3 actors, one renowned director, and someone who doesn’t understand a word of Bengali (me). That didn’t stop me for following every single scene of Ahalya. Sujoy Ghosh‘s epic thriller is something I wasn’t expecting to appreciate in the way I did. I’m no film expert. But every single minute of this masterpiece was keemti. I could not take my eyes off the 14 minutes of suspense for even a milisecond.

Ghosh’s way of modernising such an old tale of deceit and adultery is fascinating. This modern take makes you shiver and haunts you even after the it’s finished. 

It has everything you need in such a short span of time. It not only makes you appreciate the space the actors have to evoke such feelings but Ghosh’s directorial excellence to ensure that anyone watching, even with a language barrier, can appreciate it as much, if not more than someone who speaks fluent Bengali. 

My second blog on creativity has been dedicated to short films. I have explained how I have felt watching something stunning like Ahalya. Something that is historically Indian through and through but has a modern twist. Thank you Sujoy Ghosh for opening my mind to the beauty of short films. You don’t always need big box office numbers, elaborate special effects or three hours to evoke such feelings. Ahalya left me wanting to see more, though I knew it had everything in such a short space of time. A must watch! 

  

Longing to belong to the world of creativity 

I kind of stopped thinking about being ‘creative’ a long time ago. Probably when I officially dropped my love of Art in college, as a subject mind. I don’t think you could ever stop being an ‘artist’. I couldn’t see it as a long term relationship. We had no future. It’s not you, it’s me. Actually, it was kind of you. What was I going to do with an Art degree? Researching rather than using a blank canvas always let me down. I wasting my time? Why am I thinking about this all now? On a blog? All these years later? Yes, I have started blogging. This happened by accident. I didn’t intend on starting a blog, especially about something like this. It all happened by accident.

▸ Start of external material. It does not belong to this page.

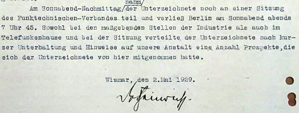 Das ist etwas kurios, da 12 Jahre später (1937) Hornbostel (wie auch die ganze Strelitzer Fachrichtung Elektrotechnik) zur Akademie Wismar zu wechseln hatte... Wilhelm Hornbostel wird sich in Wismar dann zwar nicht mehr dem Amateurfunk widmen, aber nach Ende des II. WK beim Neuanfang einer nun staatlichen Bau- und Ingenieurschule Wismar tauchten aus dem alten Kaderbestand nur zwei Namen auf – Anton Willert und eben Wilhelm Hornbostel.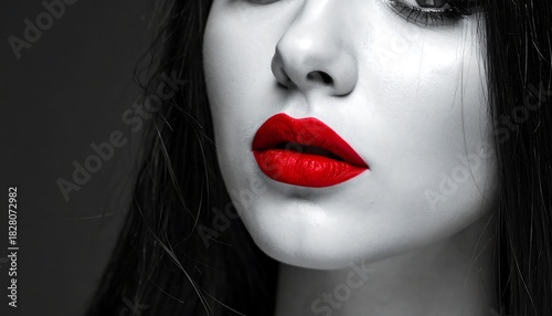 Close-up of a woman's face, selectively colored with vibrant red lips against a monochrome background

But I am going to use this as a platform to explore creativity to its fullest. A big thank you to you if you’ve not fallen asleep by now, but I think it’s really important for all of use to think about that inner creative soul that I’m sure is in all of us. Whether it’s to be on stage, to pick up an instrument, to use that blank canvas…we shouldn’t hide from it any longer. Unleash it, and make this world beautiful.I look a fashion designers and artists, actors and musicians sometimes with a longing to belong. But I can draw, I can make a blank piece of look colour and beautiful. I have an artistic ‘hunar’. A talent. With practice of henna inspired designs, I can now make them look like stunning prints. People don’t believe me when I say it’s all freehand; that I don’t think about it but I just start and I let my mind become as free as a bird. So, I AM creative. I have creativity in me. I have to just look at myself and be a bird. Fly. 
I had a childhood before technology infused my life. Facebook, Twitter, blogging, Instagram, etc etc – didn’t exist. We used to have an imagination. Pen and paper were important. Now creativity is measured by computers. Digital creativity is the ‘in thing’. But I live in a country that has so much historical and cultural creativity that I wonder why I haven’t appreciated it more. If I had gone and seen a play, spent every Friday in Vue, learnt the violin or graduated in Art, maybe I wouldn’t be so hesitant to belong. But to hell with that. Step by step, blog by blog, I’m going unleash the creative soul in me. (Cue Katy Perry’s Roar, oh oh oh, and Kangana Ranaut’s Queen, where she realises her own talents and strength through selling gol gappa, in Kolkata it’s called Puchka, in Mumbai it’s paani puri….).